§ EXERCISE
Only the lines below between the one holding "仅发现:仅扫描指定的存储单元" and the one holding "点击【站点地图】,可以进行地", inclusive, are to be reproduced word for word; the pictures are to be left out.

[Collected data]
┌──

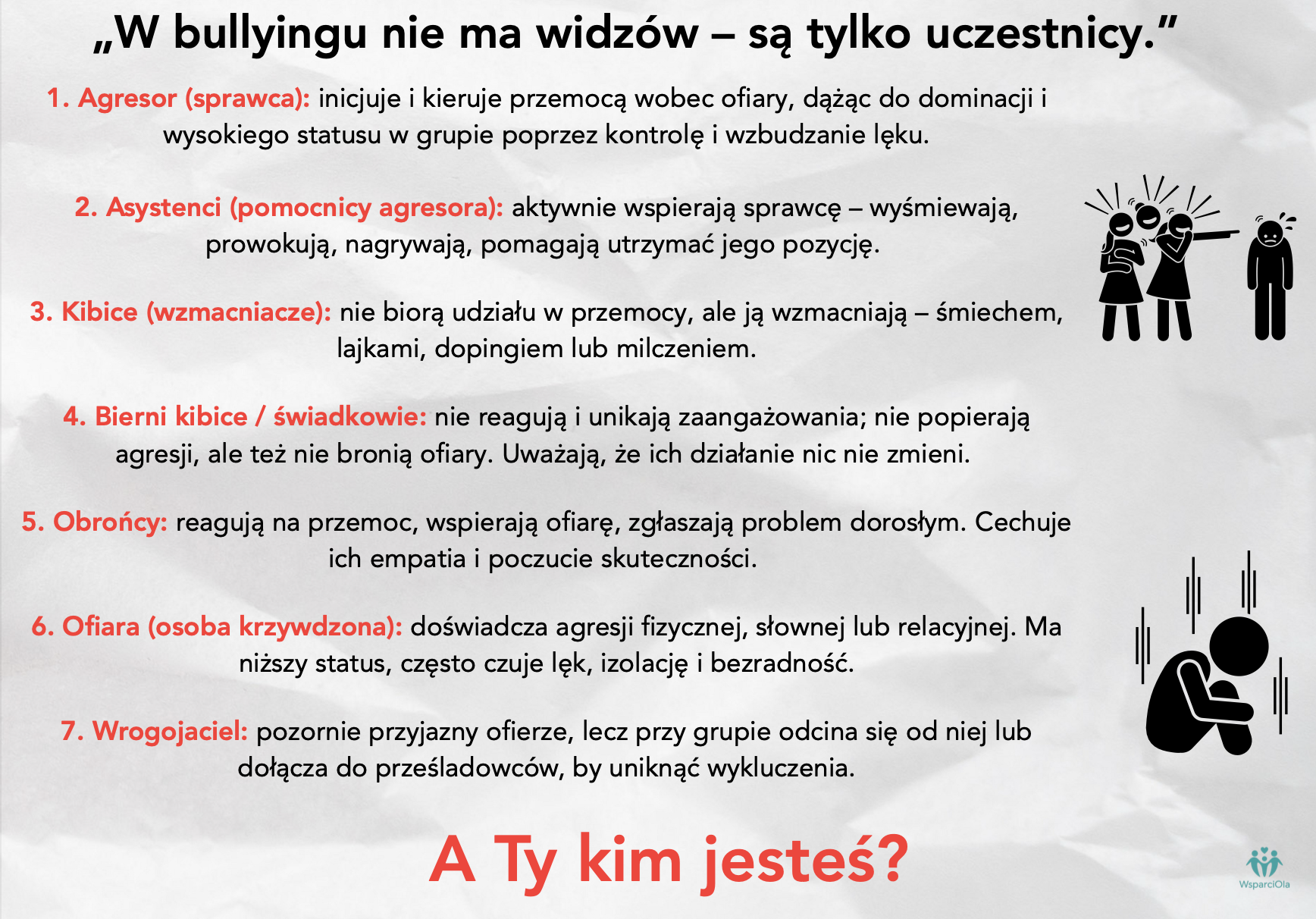 pokazuje „Koło bullyingu” – wszystkie role uczestników przemocy,
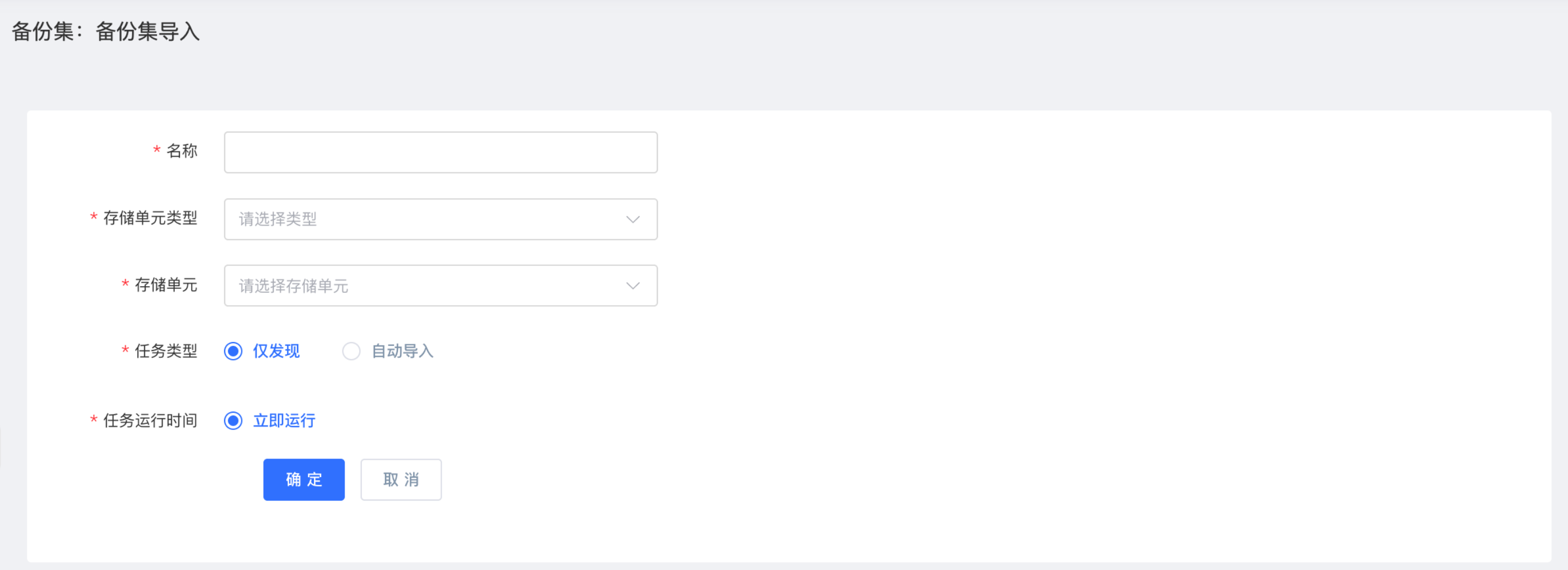 仅发现:仅扫描指定的存储单元以获取其备份集列表清单,备份集发现后需要人为手动导入。
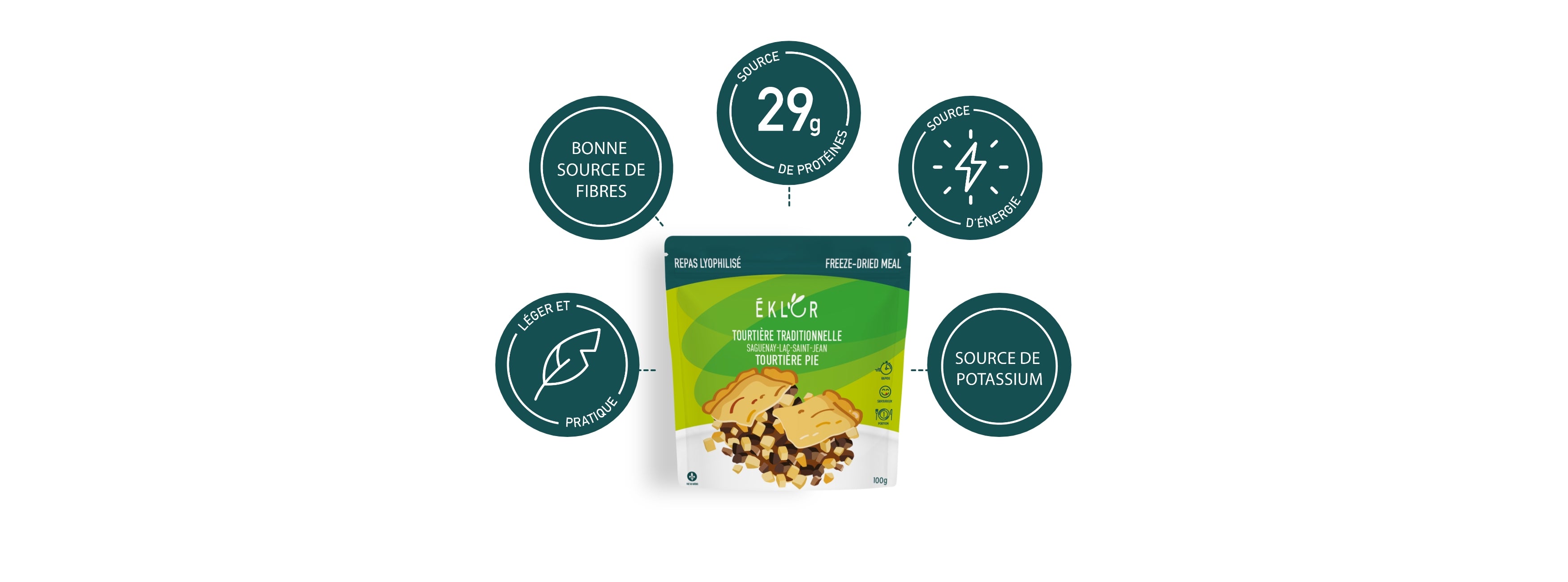 Découvrez le plaisir authentique de la tourtière, revisité pour la vie moderne ! Nos sachets individuels contiennent une portion parfaite de tourtière lyophilisée, prête à être savourée où que vous soyez.
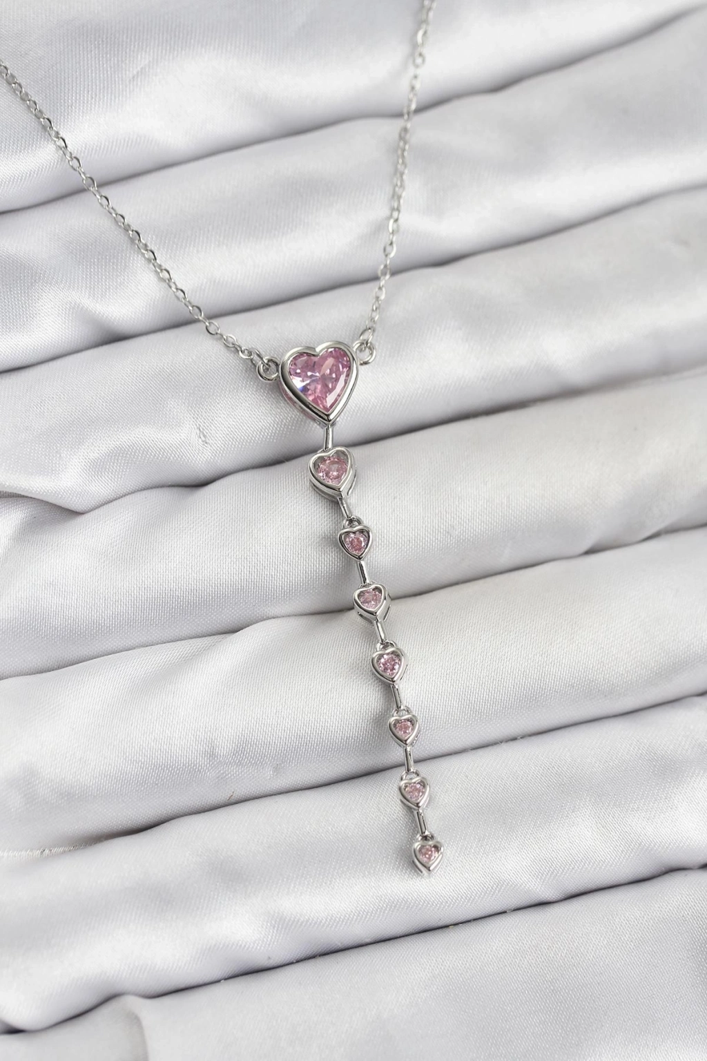 ® 316L Çelik Zincir Gümüş Renk Pembe Kalp Kadın Kolye
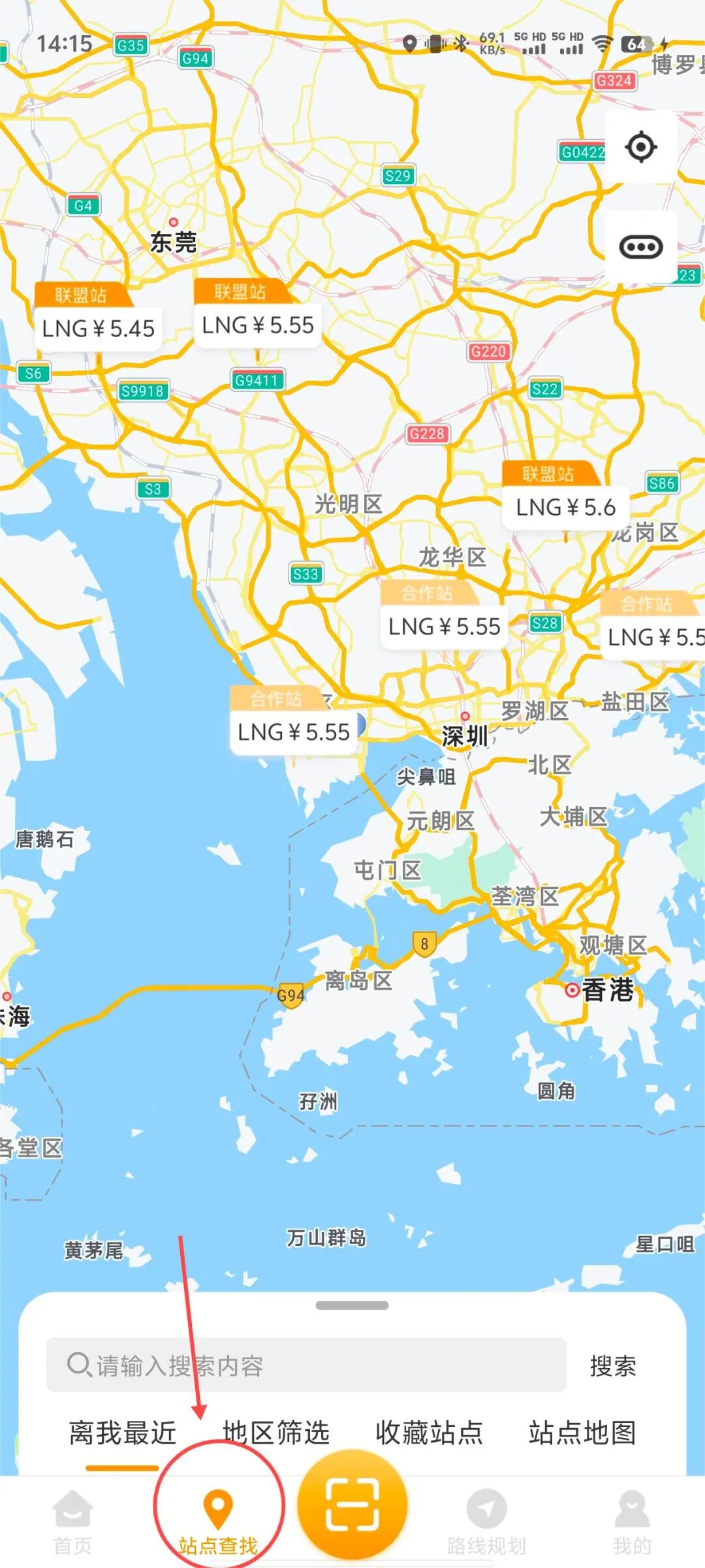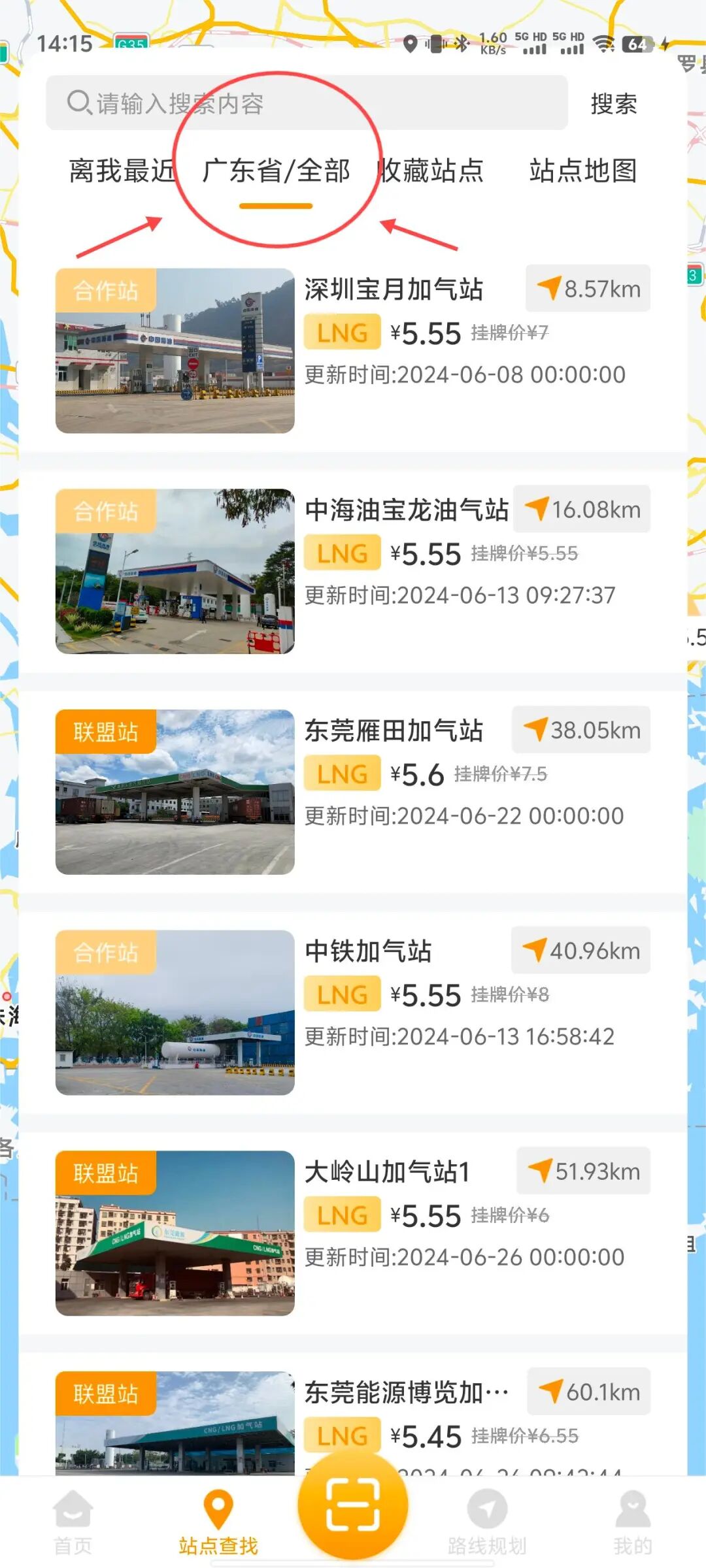 点击【站点地图】,可以进行地区筛选,也可手动放大缩小地图进行查找站点!方便快捷!
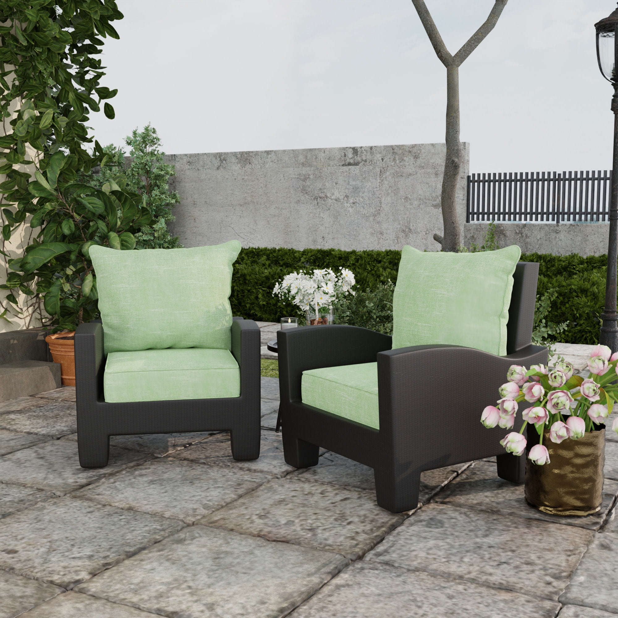 One 2-piece outdoor chair cushion. Seat dimensions 24″ width x 46.5″ length x 6″ thick; Back 22.5″ height; Seat 24″ depth RESISTS FADING, MILDEW, WATER AND STAINS. Designed for outdoor use, the durable fabric protects against damage from rain, spills or sunlight, with up to 500 hours of UV protection to prevent fading. COMFORTABLE AND DURABLE. Filled with a combination of medium-density foam and polyester fiber to add soft support and retain the cushion set’s shape. UPGRADE YOUR OUTDOORS. Add this cushion set to instantly and effortlessly refresh the style of your sunroom, front porch or patio. EASY TO CLEAN. Keep your cushions looking new by spot cleaning with a soft cloth, mild soap and warm water. VERSATILE DESIGN. Finished on the front and back so the cushions can be flipped for use on both sides. FINISHED LOOK. Boxed edges with a decorative welt lend classic style to the seat cushion, while knife edges create crisp corners to the back cushion. BETTER FIT. Designed for a tailored fit on most outdoor deep seat chairs. Actual colors may vary from screen representation
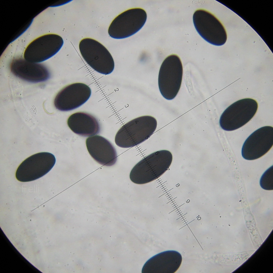 5) Spores one-celled, 19-23 (-27) x 9-12 (-14) flID (25-28 x 11.5-13.5, LOHMEYER, 1995), slightly
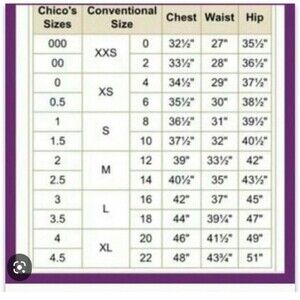 MEASUREMENTS (Flat Lay Approximate):  Pit to Pit:  23",  Sleeve:  22.5", Length: 24"..  Chico's Size 2 = Size 12/14 - see size chart picture.
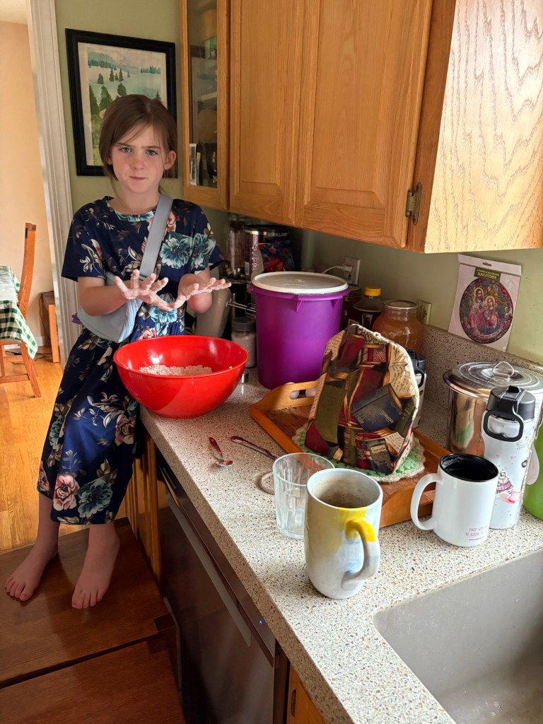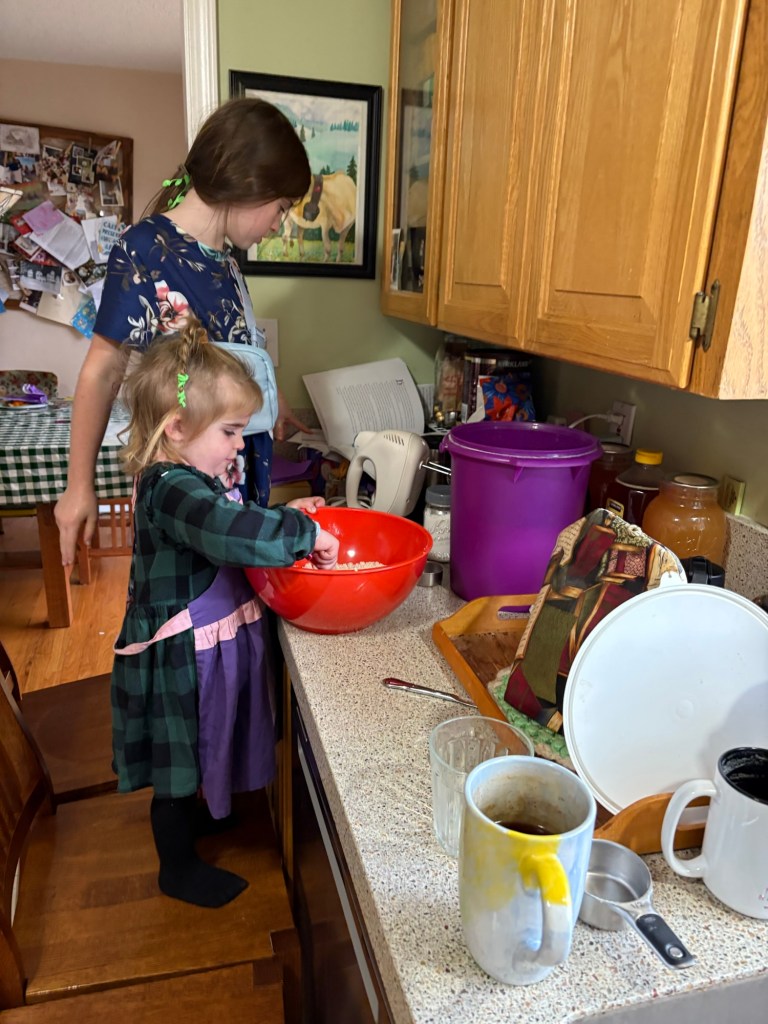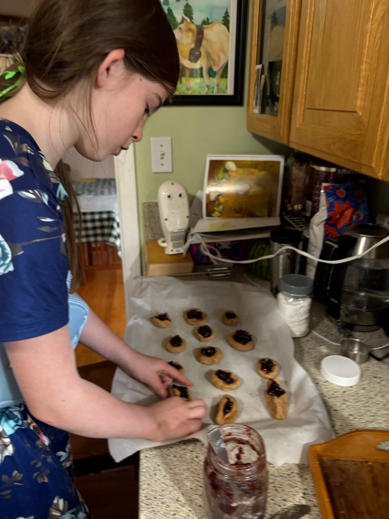 Sunday was a relaxing home day. Ellie baked some Rosie Rock Jelly Biscuits (from the Redwall Cookbook, of course.)

└──

§ RESPONSE
 仅发现:仅扫描指定的存储单元以获取其备份集列表清单,备份集发现后需要人为手动导入。
 Découvrez le plaisir authentique de la tourtière, revisité pour la vie moderne ! Nos sachets individuels contiennent une portion parfaite de tourtière lyophilisée, prête à être savourée où que vous soyez.
 ® 316L Çelik Zincir Gümüş Renk Pembe Kalp Kadın Kolye
 点击【站点地图】,可以进行地区筛选,也可手动放大缩小地图进行查找站点!方便快捷!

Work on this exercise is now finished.